• **Work request**: From the line that holds "Bílo-černé pruhované tričko" down to the last line of the listing below, reproduce each line exactly and nothing more, omitting pictures.

**** Information shown

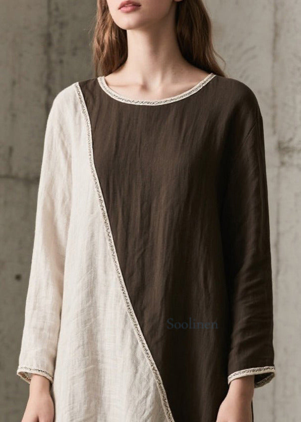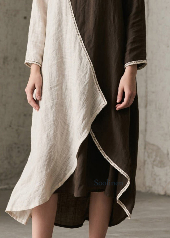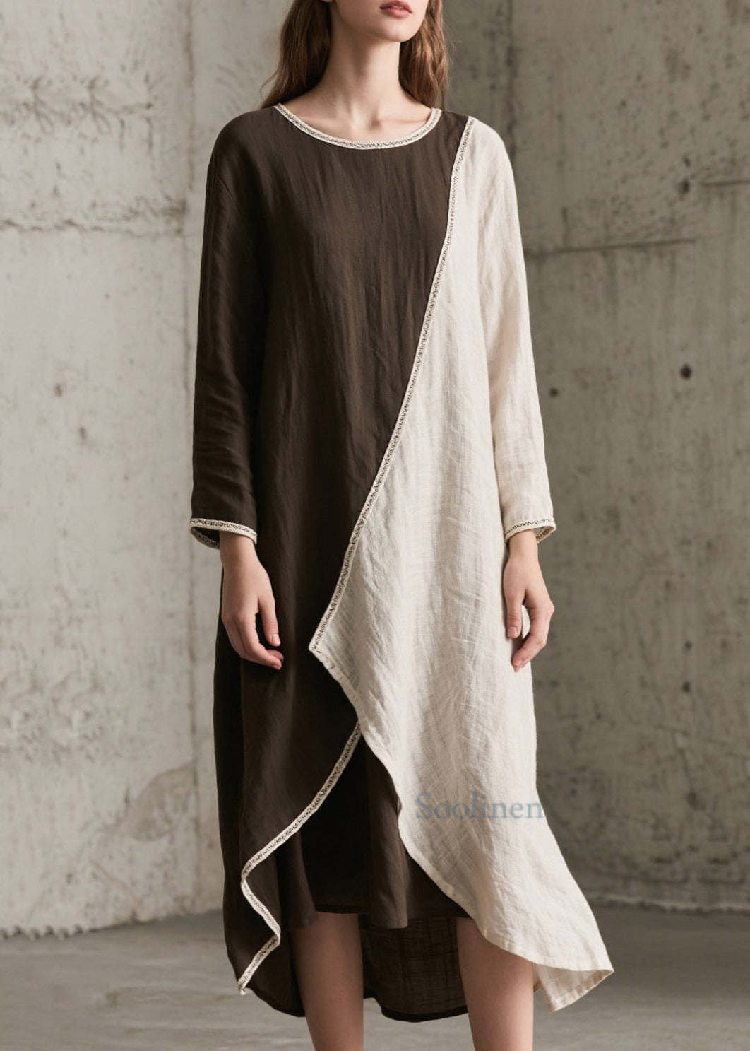 Elegantes vestidos largos asimétricos de algodón de gran tamaño con bloques de color para primavera
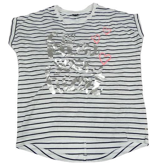 Bílo-černé pruhované tričko s nápisem a srdíčky Y.F.K.
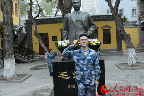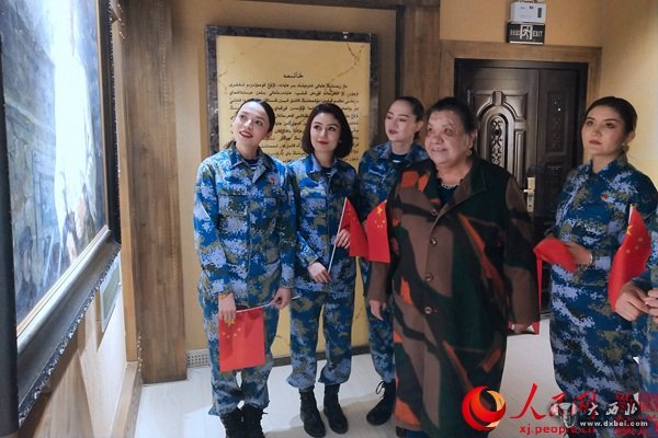 阿木拉汗·满苏尔和海军退役女兵后辈们一起参观毛泽民故居。刘海摄

********

• **Solution below**:
 Bílo-černé pruhované tričko s nápisem a srdíčky Y.F.K.
 阿木拉汗·满苏尔和海军退役女兵后辈们一起参观毛泽民故居。刘海摄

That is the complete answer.